This thread has been locked.

If you have a related question, please click the "Ask a related question" button in the top right corner. The newly created question will be automatically linked to this question.

Time cost and Memory config of C6678 FFT

Other Parts Discussed in Thread: TMS320C6678

Hello

I'm a beginner of TMS320C6678, and have more doubts after reading the discussion about FFT on C6678 from TI E2E Community, especially the difference of cycles between cycle approximate simulator and  the manual offered by TI & AVNET.

Because of the urgency of research &design,it's need to evaluate the performance of TMS320C6678.

There is a 32768 float FFT realized by DSPLIB funcion on a single core ,My doubts are  how I can configure the data memory and how many cycles it will  cost.
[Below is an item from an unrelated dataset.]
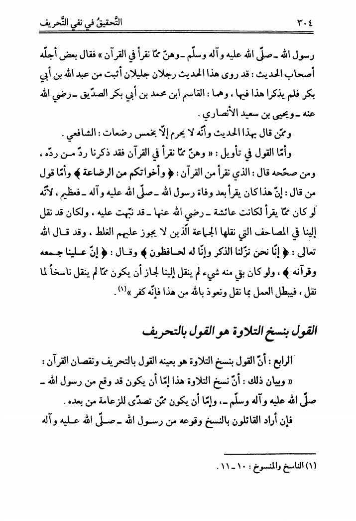التحقيق في نفي التحريف، عن القرآن الشريف

If it is a 64K float FFT realized by DSPLIB funcion on a single core, what about the configuration of memory and cycles of cost.

Thanks for your suggestion!

  • As far as I know, we always benchmark the routines using the simulator with flat 0 wait states memory

    (These are the numbers in the table that is part of the release in \\dsplib_c66x_3_1_1_1\docs\DSPLib_c66xTest_Report.html ) for example.

    You understand that we cannot assume that the data is in external memory, your system might be different than us, and you may use a 16 bit external memory, lower clock cycle and so on.  We do not know what else you may have in L2 so we are not sure if the data fits into L2.

    So what if the FFT size it too large for L1 cache (This is really your question, I assume)

    My suggestion – Get an EVM, ($400), put the data where you want it to be  L2 or MSM memory or DDR and measure the performances. 

    I would add that we have an example code that run 1M FFT on 1, 2, 4 or 8 cores (floating point, SP, complex) and moves the data in and out L2  using the EDMA in such a way that every time core is working on a single 1K size (which is 4*2*1k = 8K bytes, fit into L1 cache). The algorithm how to do it is given in the following paper.

     

    High-Performance Parallel FFT Algorithms
    for the HITACHI SR8000
    Daisuke Takahashi
    Information Technology Center, University of Tokyo
    2-11-16 Yayoi, Bunkyo-ku, Tokyo 113-8658, Japan

     

    Ran